Former Vice President Biden says he's focused on getting money into American households and the economy. Here's how he plans to do it.
The 2020 election is still weeks away, but Democratic presidential candidate Joe Biden won't wait for the results. He's spent months designing a plan to guide the country out of twin catastrophes -- the COVID-19 pandemic and an ever-deepening recession.
Down this road before
When Biden took the reins as Vice President of the United States in 2009, he and newly-elected President Barack Obama inherited a financial maelstrom. The Great Recession had devastated the economy and the federal deficit was out of control.

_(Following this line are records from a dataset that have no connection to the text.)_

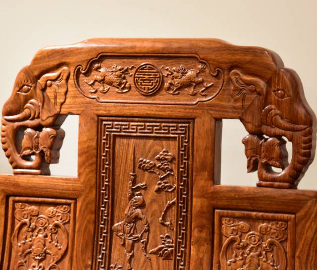 古人云:“太平有象”,寓意“吉祥如意”和“出将入相”。在神话传说中,大象则为摇光之星生成,能兆灵瑞,古佛就是乘象从天而降。还有一说,大象是普贤菩萨的坐骑,相传能预兆灵瑞。象头的形象经常会运用到红木家具的椅背上,沙发椅、餐桌椅的靠背上比较喜欢用到象头的形象。为了讨得好兆头,人们还将象头与其他祥瑞之物进行搭配,象头和如意、福禄寿等组合一起,寓意更加喜庆吉祥。
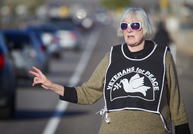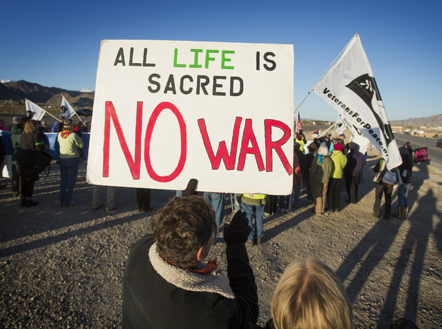 The protest was organized by contingents of peace and faith-based activists, including those from the Nevada Desert Experience, Veterans for Peace and Code Pink: Women for Peace.
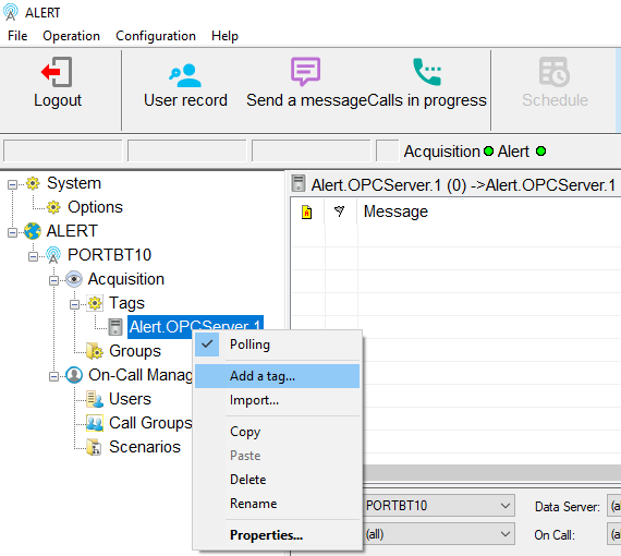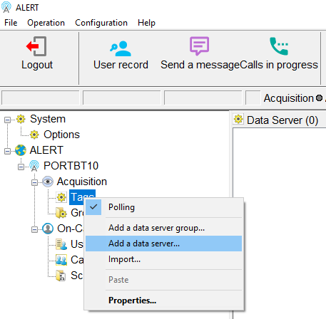 In order to establish communication with the remote "ALERT Tunneler" module, you must declare a new data server. Do a right-click on “Tags”, then click on “Add a data server…”:
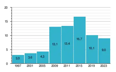 Wahlbeteiligung bei der Kirchenwahl seit 1997:[10]
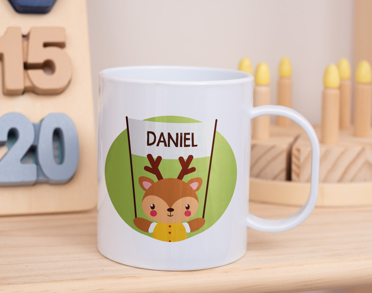 Una taza de plástico personalizada de animales para la niña amante de estos pequeños. Este adorable ciervo le acompañará todos los días en el colegio, siempre con una sonrisa, e invitándole a merendar, comer y beber agua. Se trata de un regalo para la Vuelta al cole muy especial, sobre todo, si tu hija adora a los animales. ¿Le preocupa la naturaleza y la supervivencia de los ciervos? No dudes más y sácale una sonrisa. ¡El ciervo llevará una pancarta con su nombre! Importante: El plástico de la taza no contiene BPA. Esta taza es apta para lavavajillas y microondas.
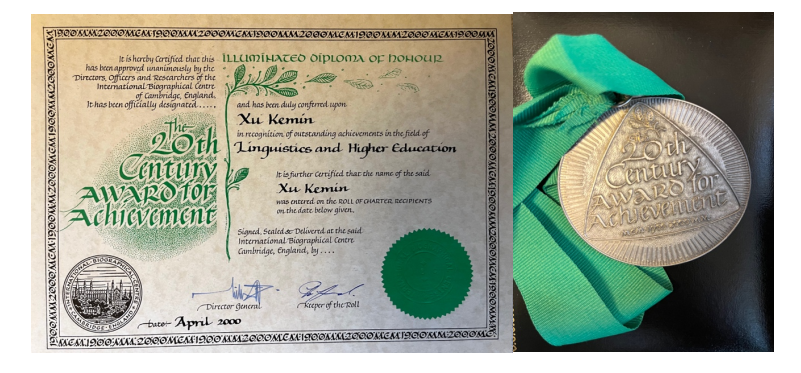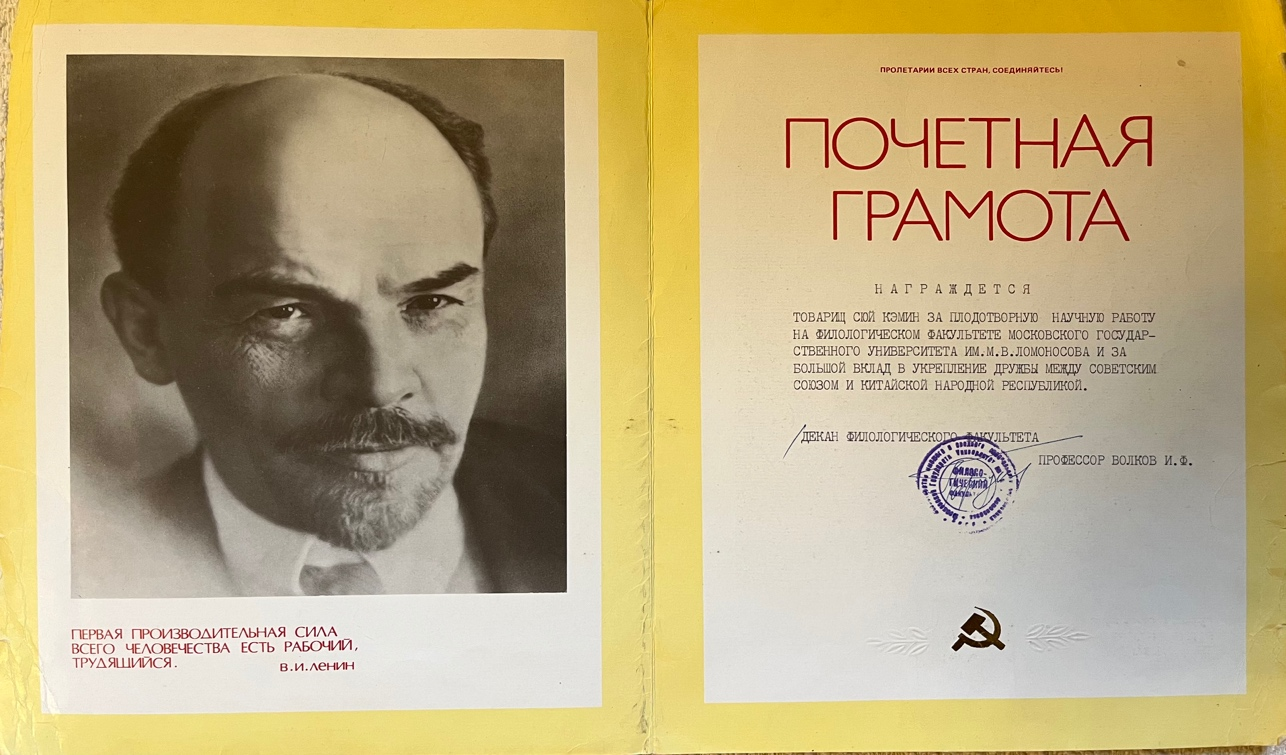 在莫斯科的大学的一年多的时间里面,我讲了三门课,一门是这个中苏当代文学的比较,中国研究苏联当代文学的现状,云南文化等课程,并且在莫斯科大学学报上发表了三篇文章,同苏联的这个莫斯科大学的俄罗斯文学的教研室主任合编了的苏联当代文学的一书。由于这个原因,在1988年的8月,在学校开会的时候,由于我的科研成果和学生会的这些工作,授予我荣誉奖状。这奖状上面俄文说的大概是本奖状授予许克敏,为他出色的科研成果和为中苏、苏中两国人民的友谊做出的巨大贡献,特授予本奖状,荣誉科研奖状。这个是莫斯科大学的,还有个奖状是20世纪杰出学者和20世纪成就奖,这个奖状还配一个奖章,上面有我名字,因为我在高等教育的研究和语言教学方面的研究,是联合国剑桥名人传记中心发的,时间是2000年4月。
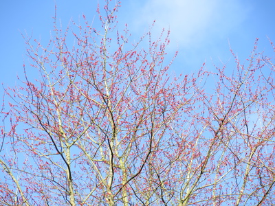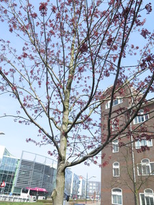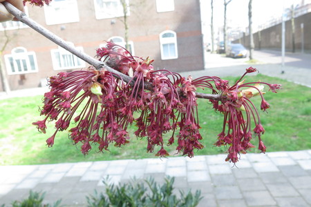 de gewone mooie groene knoppen heeft, en de noorse rode knoppen. Esdoorns herken
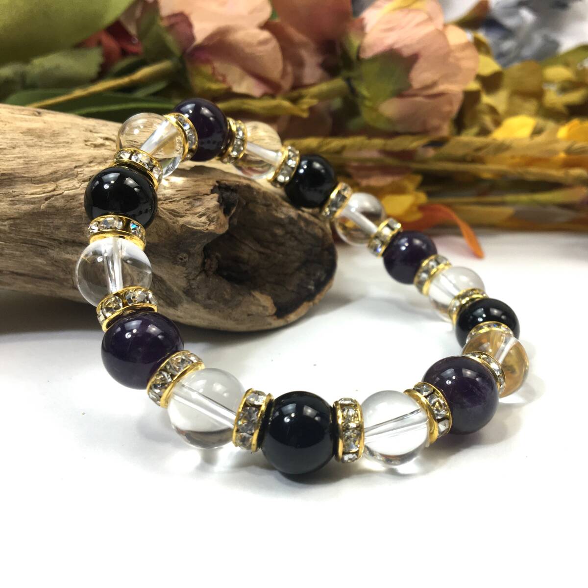 > アメジスト×水晶×オニキス パワーストーン ブレスレット 天然石ブレス (ロンデル: ゴールド) 10mm メンズ・レディース
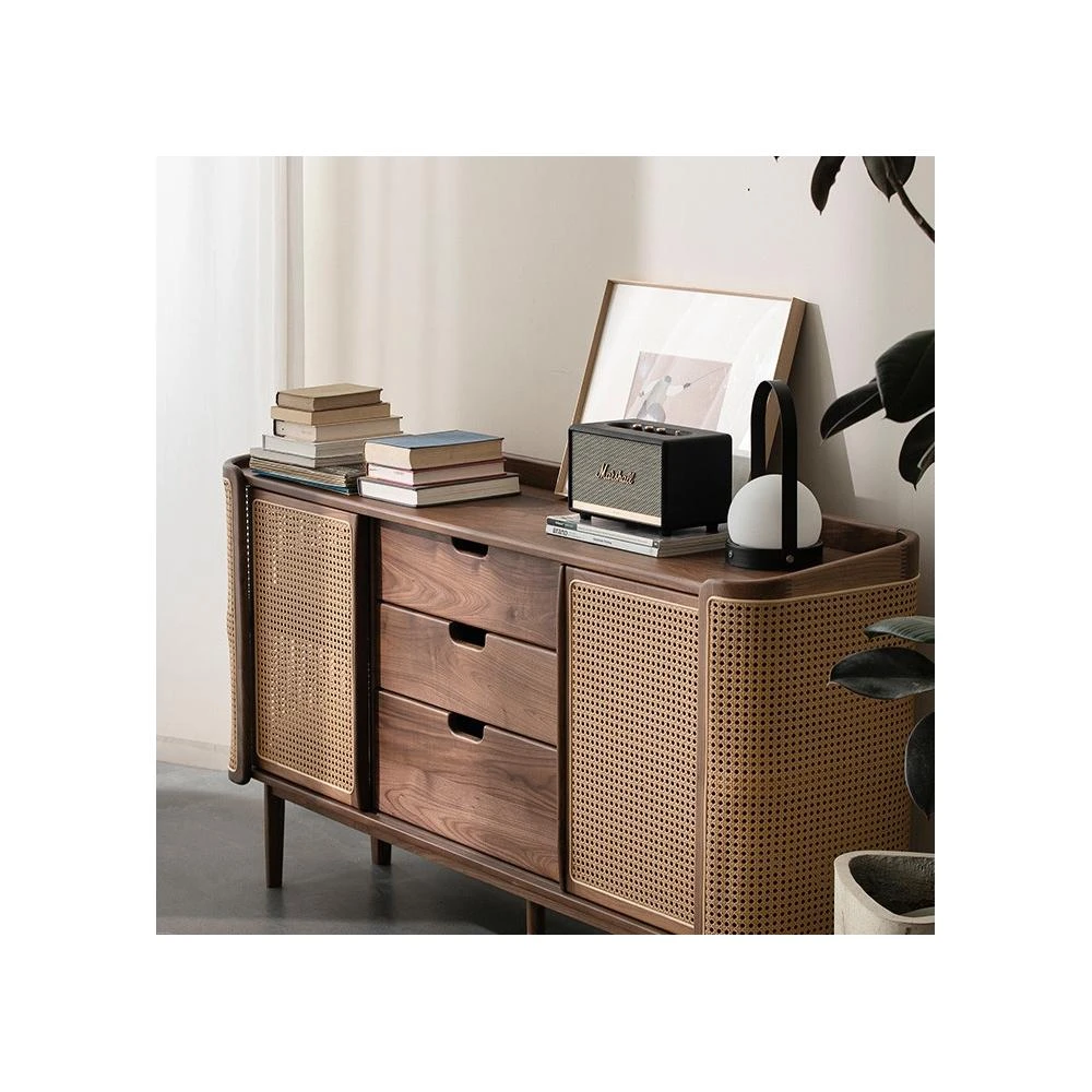 現貨 免運🔥黑胡桃木餐邊櫃儲物櫃藤編移門餐廳靠牆實木櫃儲物櫃多功能置物櫃

The $787 billion American Recovery and Reinvestment Act was passed within weeks. Even then, there were complaints that $787 billion was not enough. And Biden agrees.
This time, he wants to inject a large enough stimulus into the economy to stop the bleeding and prevent damage from becoming permanent. Depending on what Congress does before the elections, Biden's stimulus package is expected to cost between $1 trillion and $2 trillion.
Although his plan can best be described as ambitious, it is frustratingly light on specifics. With so much at stake, it will be the details that determine the effectiveness of Biden's vision.
The Biden stimulus plan
If he is elected the 46th President of the United States in November, Biden wants to hit the ground running. Here is some of what we can expect a Biden administration stimulus package to do:
- Give another possible round of checks. Biden has made it clear that the focus needs to be on everyday Americans who are hurting.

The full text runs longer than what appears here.